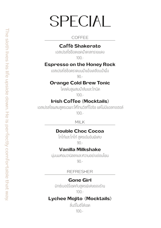 As you indulge in your favorite brew, take a moment to observe your surroundings and relish the peaceful atmosphere that envelops SLOTH CAFE. It's a place where time slows down, allowing you to unwind and enjoy each sip fully.
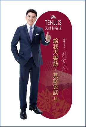 TENLLiS天妮絲名床是水月國際公司旗下第一個自創品牌,已經走過七、八年頭的天妮絲名床,從品牌名字不難看出其女性化的色彩。的確,天妮絲名床成立之初,即設定以女性思維的角度出發,量身打造多款滿足女性喜好的系列商品,這也是台灣寢具業界的創舉。不過,顛覆過往著重女性品牌的刻板印象,今年改走知性的風格,更首度邀請「名節目主持人謝震武」,擔任天妮絲年度品牌代言人,希望藉由名節目主持人謝震武的專業形象、生活品味與認真工作的態度,為品牌注入新的生命力,2014年春暖花開之際,有機會吸引消費者將目光投射在天妮絲名床上。
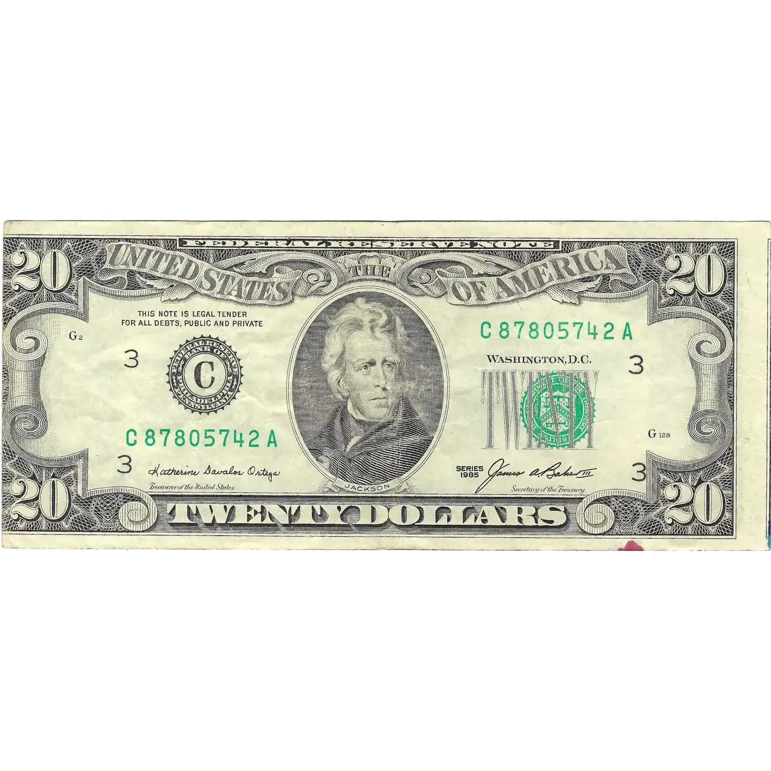 $20 1985 Small Size Federal Reserve Note, Obverse Alignment Error
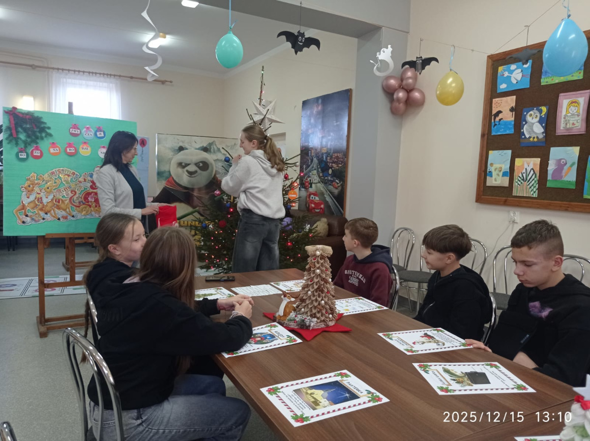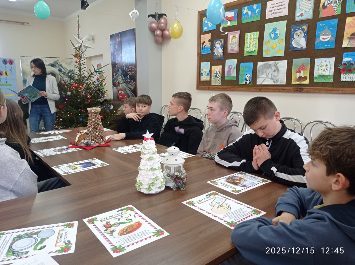 Boże Narodzenie to jedno z najradośniejszych i najbardziej wyczekiwanych świąt w roku. W oczekiwaniu na ten magiczny czas w filii biblioteki w Przedborzu odbyła się lekcja biblioteczna  podczas której uczniowie klasy VI  starali się odpowiedzieć na pytania : Co to jest Adwent? Co jest wyjątkowego w polskiej Wigilii Bożego Narodzenia? Dlaczego Pasterka zaczyna się o północy? Skąd zwyczaj strojenia choinek w naszych domach? Jakie potrawy przygotowujemy na wigilijny wieczór? I jeszcze wiele, wiele innych. Uczniowie aktywnie uczestniczyli w rozmowie, wykazali się dużą znajomością tematu, chętnie brali udział w zabawach i quizach dotyczących zwyczajów bożonarodzeniowych. Na zakończenie naszego spotkania uczestnicy rozegrali grę planszową z zadaniami przy okazji utrwalając wiadomości zdobyte podczas lekcji bibliotecznej. Spotkanie upłynęło w bardzo miłej i radosnej atmosferze, wprowadzając nas w nastrój zbliżających się świąt. Dziękuję Wszystkim za te piękne chwile i życzę radosnego przeżywania Świąt Bożego Narodzenia oraz wszelkiej pomyślności w Nowym Roku.
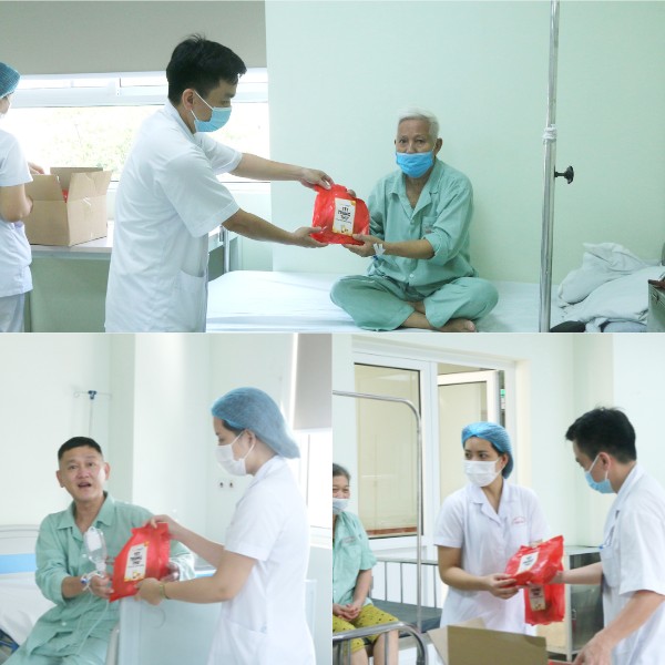 Các y bác sĩ phát quà cho bệnh nhân ở bệnh viên E
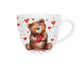 Valentin napi porcelán bögre piros szíves lufik, 460 ml, papír díszcsomagolással, mely a bögrére illeszthető.
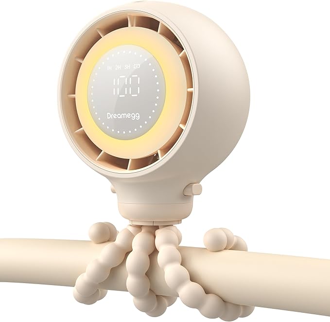 Dreamegg Portable Stroller Fan - 4000mAh Rechargeable Baby Stroller Fan With LED Display, Night Light, Hidden Blade, Detachable 4 Speed 360ยฐRotate, Handheld Cooling for Crib,Travel, Car Seat, Bedroom
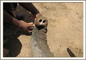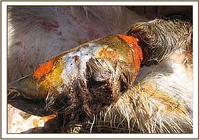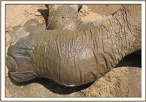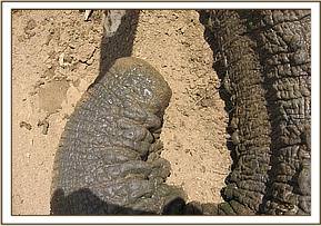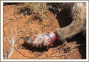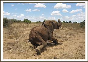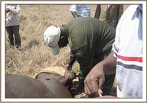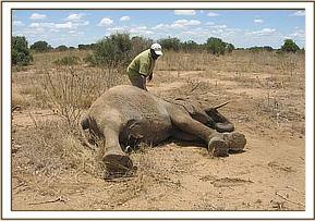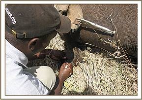 The other clinical case was at Satao in Tsavo East, this time a seven year old male elephant. It was reported to us as limping but the cause could not be established. We could also not establish the cause from a distance because of terrain and thick vegetation cover which could not allow approach to within a good distance for observation. We therefore decided to immobilise it for further examination, diagnosis and treatment. Darting was done on foot because of reasons stated above (bad terrain and thick vegetation cover). Examination after immobilisation revealed a swollen and stiff right fetlock joint but there was no external opening. The animal might have sustained an injury long time ago which healed abnormally. As it walks it is able to bear weight on the leg and there are no signs of pain.
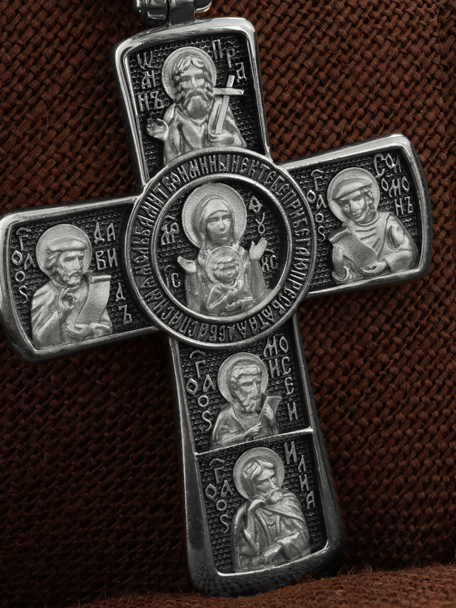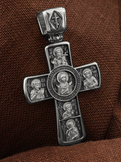 Центральную часть оборота креста украшает икона Божией Матери «Знамение». Вокруг Ее образа написана молитва: «Ныне к Тебе прибегаю, Пресвятая Дева, спаси мя мольбами Твоими».
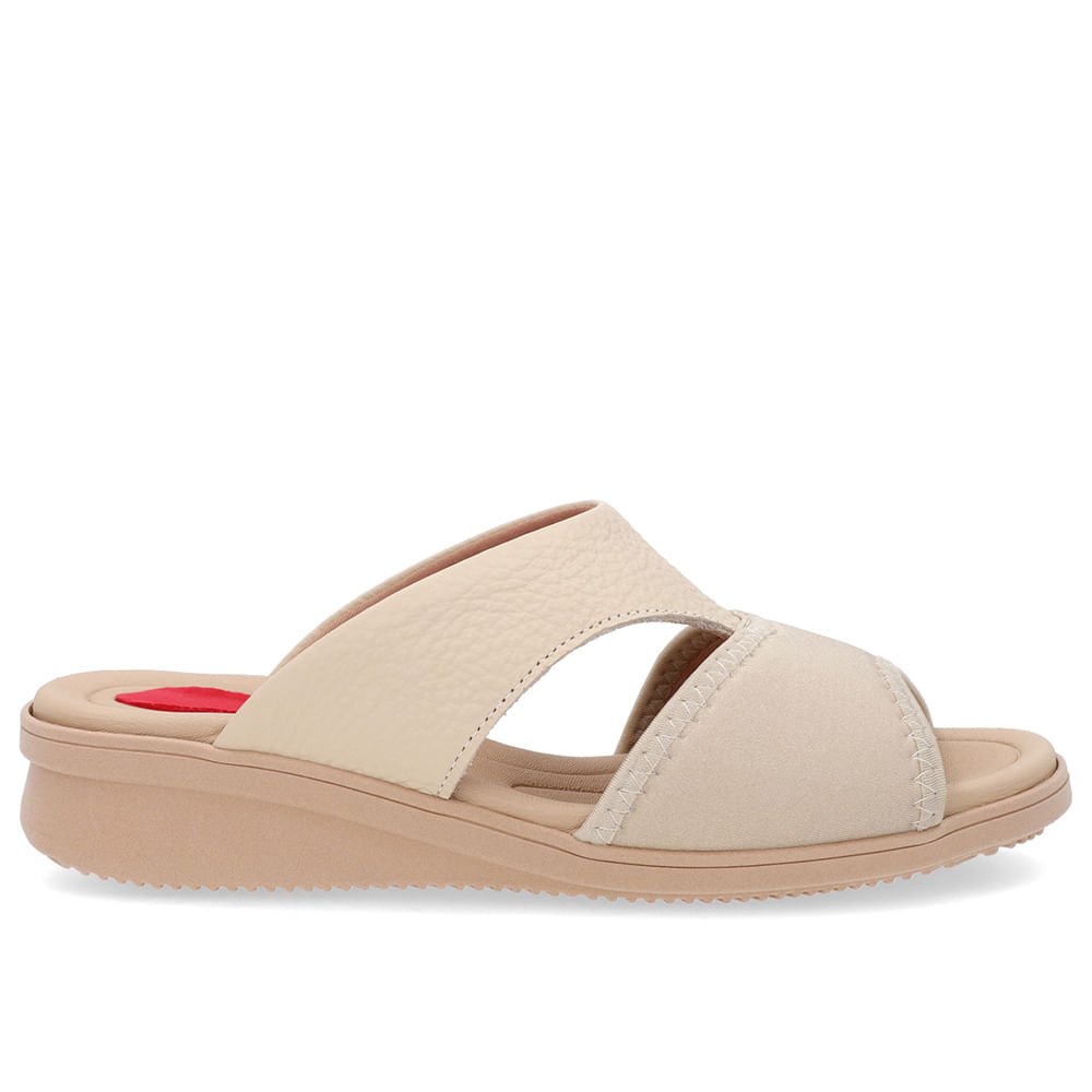 Tamanco cabedal em tecido elástano e couro relax catalano na cor vanilla. O modelo possui tecnologia Joanetes, que alivia o desconforto da região, garantindo suavidade na pisada por usufruir de materiais moldáveis nos pés.
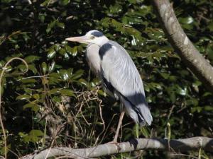 青みがかった灰色の羽が特徴の大型のサギです。池で魚やザリガニを狙っている姿がよく見られますが、近づくと「グワッ、グワッ」と鳴きながら飛び立ってしまいます。冬は白いダイサギとのツーショットも見られます。
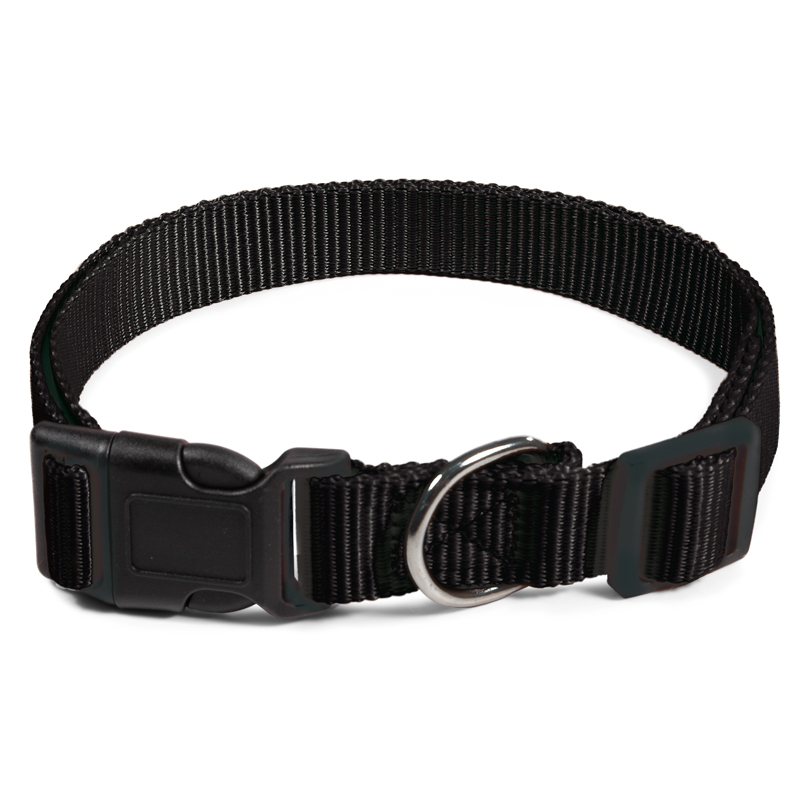 Регулируемый ошейник из нейлона - это полезный и функциональный аксессуар для четвероногих питомцев. Изделие имеет сбоку от застежки удобное кольцо для крепления поводка. Размеры изделия регулируемой длины: 400-650х25мм (размер XL). Цвет: черный.

○ ○ ○ ○ ○

* [What the exercise asks] Omit the pictures and reproduce the listing exactly.

* [Completed task]
 As you indulge in your favorite brew, take a moment to observe your surroundings and relish the peaceful atmosphere that envelops SLOTH CAFE. It's a place where time slows down, allowing you to unwind and enjoy each sip fully.
 TENLLiS天妮絲名床是水月國際公司旗下第一個自創品牌,已經走過七、八年頭的天妮絲名床,從品牌名字不難看出其女性化的色彩。的確,天妮絲名床成立之初,即設定以女性思維的角度出發,量身打造多款滿足女性喜好的系列商品,這也是台灣寢具業界的創舉。不過,顛覆過往著重女性品牌的刻板印象,今年改走知性的風格,更首度邀請「名節目主持人謝震武」,擔任天妮絲年度品牌代言人,希望藉由名節目主持人謝震武的專業形象、生活品味與認真工作的態度,為品牌注入新的生命力,2014年春暖花開之際,有機會吸引消費者將目光投射在天妮絲名床上。
 $20 1985 Small Size Federal Reserve Note, Obverse Alignment Error
 Boże Narodzenie to jedno z najradośniejszych i najbardziej wyczekiwanych świąt w roku. W oczekiwaniu na ten magiczny czas w filii biblioteki w Przedborzu odbyła się lekcja biblioteczna  podczas której uczniowie klasy VI  starali się odpowiedzieć na pytania : Co to jest Adwent? Co jest wyjątkowego w polskiej Wigilii Bożego Narodzenia? Dlaczego Pasterka zaczyna się o północy? Skąd zwyczaj strojenia choinek w naszych domach? Jakie potrawy przygotowujemy na wigilijny wieczór? I jeszcze wiele, wiele innych. Uczniowie aktywnie uczestniczyli w rozmowie, wykazali się dużą znajomością tematu, chętnie brali udział w zabawach i quizach dotyczących zwyczajów bożonarodzeniowych. Na zakończenie naszego spotkania uczestnicy rozegrali grę planszową z zadaniami przy okazji utrwalając wiadomości zdobyte podczas lekcji bibliotecznej. Spotkanie upłynęło w bardzo miłej i radosnej atmosferze, wprowadzając nas w nastrój zbliżających się świąt. Dziękuję Wszystkim za te piękne chwile i życzę radosnego przeżywania Świąt Bożego Narodzenia oraz wszelkiej pomyślności w Nowym Roku.
 Các y bác sĩ phát quà cho bệnh nhân ở bệnh viên E
 Valentin napi porcelán bögre piros szíves lufik, 460 ml, papír díszcsomagolással, mely a bögrére illeszthető.
 Dreamegg Portable Stroller Fan - 4000mAh Rechargeable Baby Stroller Fan With LED Display, Night Light, Hidden Blade, Detachable 4 Speed 360ยฐRotate, Handheld Cooling for Crib,Travel, Car Seat, Bedroom
 The other clinical case was at Satao in Tsavo East, this time a seven year old male elephant. It was reported to us as limping but the cause could not be established. We could also not establish the cause from a distance because of terrain and thick vegetation cover which could not allow approach to within a good distance for observation. We therefore decided to immobilise it for further examination, diagnosis and treatment. Darting was done on foot because of reasons stated above (bad terrain and thick vegetation cover). Examination after immobilisation revealed a swollen and stiff right fetlock joint but there was no external opening. The animal might have sustained an injury long time ago which healed abnormally. As it walks it is able to bear weight on the leg and there are no signs of pain.
 Центральную часть оборота креста украшает икона Божией Матери «Знамение». Вокруг Ее образа написана молитва: «Ныне к Тебе прибегаю, Пресвятая Дева, спаси мя мольбами Твоими».
 Tamanco cabedal em tecido elástano e couro relax catalano na cor vanilla. O modelo possui tecnologia Joanetes, que alivia o desconforto da região, garantindo suavidade na pisada por usufruir de materiais moldáveis nos pés.
 青みがかった灰色の羽が特徴の大型のサギです。池で魚やザリガニを狙っている姿がよく見られますが、近づくと「グワッ、グワッ」と鳴きながら飛び立ってしまいます。冬は白いダイサギとのツーショットも見られます。
 Регулируемый ошейник из нейлона - это полезный и функциональный аксессуар для четвероногих питомцев. Изделие имеет сбоку от застежки удобное кольцо для крепления поводка. Размеры изделия регулируемой длины: 400-650х25мм (размер XL). Цвет: черный.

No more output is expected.